Na declaração, o presidente também reforçou a importância das relações comerciais que mantém com a China e com os demais integrantes do bloco e lamentou que o encontro não pudesse ser realizado presencialmente.

O discurso é uma virada nas constantes críticas ao país asiático e seus produtos. Desde a campanha presidencial em 2018, não são raros os ataques proferidos contra os chineses.

A ‘vacina chinesa’ Coronavac, produzida no Brasil pelo Instituto Butantan, ressaltada nesta quarta por Bolsonaro, foi um dos seus alvos mais recentes. Nos últimos meses, não foram poucas as ocasiões em que o ex-capitão levantou suspeitas infundadas sobre a eficácia do imunizante.

Recentemente, Bolsonaro chegou a dizer que quando fosse se vacinar, optaria por não receber a Coronvac, repetindo em seguida as falsas acusações sobre a pouca eficácia.

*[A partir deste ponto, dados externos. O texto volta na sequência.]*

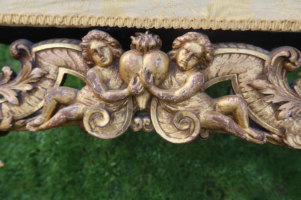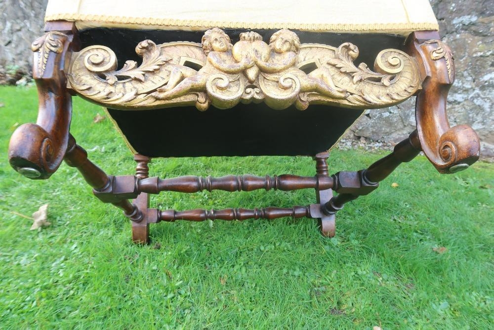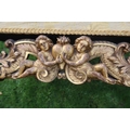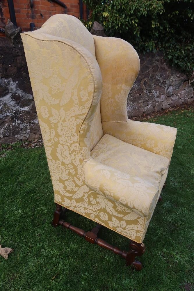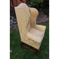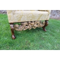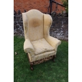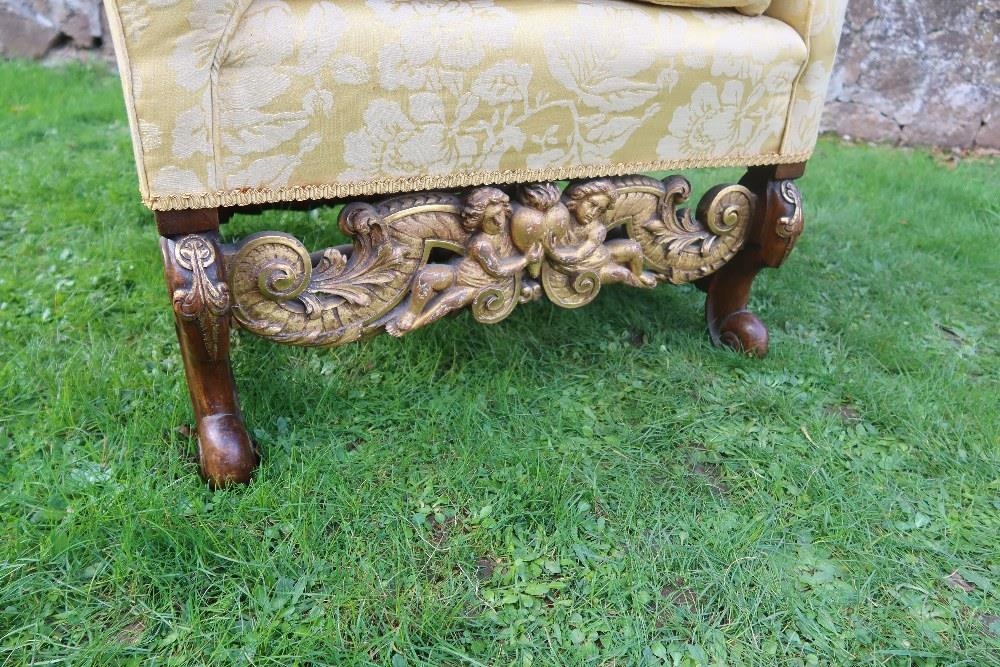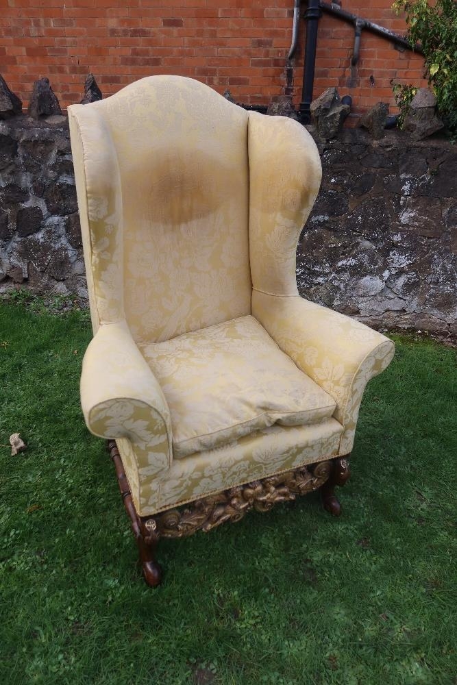 An 18th century Georgian wing back armchair, raised on carved front feet with carved frieze of cherubs
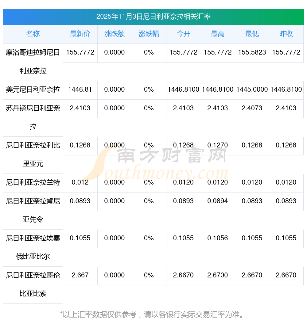 2025年11月3日尼日利亞奈拉相關(guān)匯率查詢

Além das críticas à vacina, o presidente já insinuou diversas vezes que o coronavírus pode ter sido criado em laboratório pela China. Em pelo menos duas ocasiões neste ano, ele levantou suspeitas sobre o papel do colega de BRICS em uma possível ‘guerra química’.

Após as declarações, a Sinovac, fabricante chinesa da Coronavac, cobrou o fim dos ataques por parte de Bolsonaro para que o Brasil seguisse tendo boas relações comerciais com a empresa.

Como consequência dos ataques, o envio de insumos para a produção de vacinas no Brasil, o chamado IFA, já atrasou em ao menos uma ocasião. Em maio, após atrasos na chegada do material, o Butantan alegou que “questões referentes à relação diplomática Brasil x China poderiam estar interferindo diretamente no cronograma de liberação de novos lotes de insumos”.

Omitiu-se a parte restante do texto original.